We should not be deterred by these narratives and continue the demands for racial justice and a more egalitarian and just South Africa. This fight for justice is a political and moral burden we must discharge. Indeed, we have been too tardy for too long in marching towards a more inclusive and fair society.
One of the most laughable responses to Danny K asking of fellow white South Africans to call out racism when they witness it must be those responses from people who say that white South Africans are gatvol and implying that they are under siege, that they are the big losers in democracy.
Two points are worth making in response to this balderdash. First, white people are the biggest beneficiaries of democracy, not black people. Whites, by way of example, still enjoy, as a demographic, single-digit unemployment.
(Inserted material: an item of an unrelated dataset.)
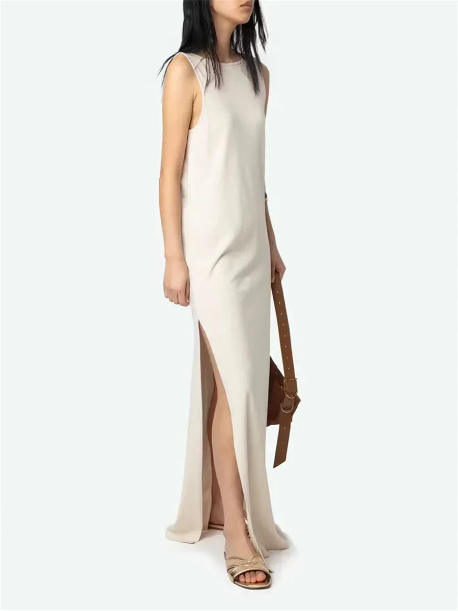 Elevate your summer wardrobe with this lightweight cotton-linen sleeveless dress. Designed for women who value comfort and style, it combines a classic A-line silhouette with modern high-street fashion elements. This dress is perfect for warm weather, casual outings, and semi-formal events.
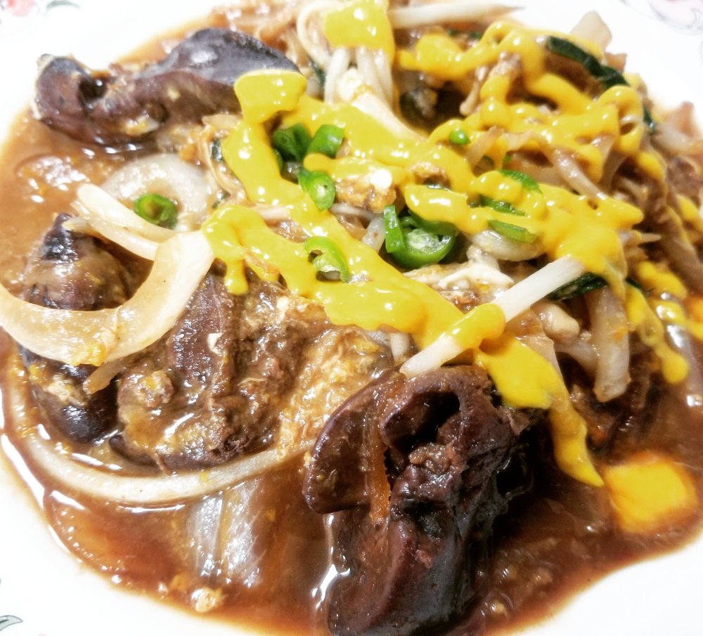 もやし、ニラ、玉ねぎを炒めて全体に油がなじんだら、レバーとその煮汁を入れて全体を手早く絡めたら出来上がり。

Black people have never known what it means to belong to a racial group that is loved so intimately by the labour market.
The anecdote of that one laaitie who went off to find a job in Australia or Canada is no substitute for aggregate data about how assets, wealth, land and jobs are disproportionately distributed in favour of white South Africans. It is lekke to be white.
Second, it is sheer and unjustifiable emotional abuse to say you are gatvol with talk about racialised privileges and racism. If you think it is annoying to talk about racism, try being a victim of racism. It is poor black people who have the biggest reason to be gatvol and not the few middle-class black people or the majority of white people who live decent lives.
I wonder how many of these gatvol white South Africans would last a week living under the conditions of poverty that most black people still live under, while remaining quiet, dignified and getting on with surviving racialised inequalities, without editing the spelling errors of people who challenge their ideas on Twitter.
This is why introspection matters. Your reality is not necessarily the reality of your domestic worker, your gardener or even your colleague, who seems to be your equal at work but whose familial burdens speak to a connection to poverty that you may be unaware of.
And, for me, that is the generous way to interpret the thought that Danny K wanted to spark. He simply wanted fellow white South Africans to recognise that being silent while the remnants of racism prevail makes one complicit in injustice.
The same is true of patriarchal violence. It is not good enough not to beat your wife. What are you actively doing to dismantle patriarchy as a man? Similarly, what are you actively doing to eliminate anti-black racism as a white person?
There is an uncomfortable element to this discussion that we have to
lift to the surface. Many of us think that it is sufficient that we do no direct harm. That, I am afraid, is not morally good enough. If you are implicated in the history of injustice, for example by benefiting from injustices you did not create, then you have an ethical duty to actively eliminate the prevailing injustice.
The minimal burden of not doing direct harm cannot be the acceptable standard in our context. The bar must be raised higher if you want to be considered a morally decent person interested in justice.
Of course, you may not care about a just society. If you don’t, then at least do not pretend you care about justice by abusing the language of activists when your attitude and behaviour demonstrate otherwise. Simply come out and admit that you only care about not directly harming others and for the rest of the time you care about preserving your privileges.
Being an ally in the fight for a just society isn’t easy. If you want to deserve to be regarded as an ally then you need to reflect on and meet the positive duties you have as an ally, such as calling out racism and not simply doing nothing, like not being overtly racist yourself.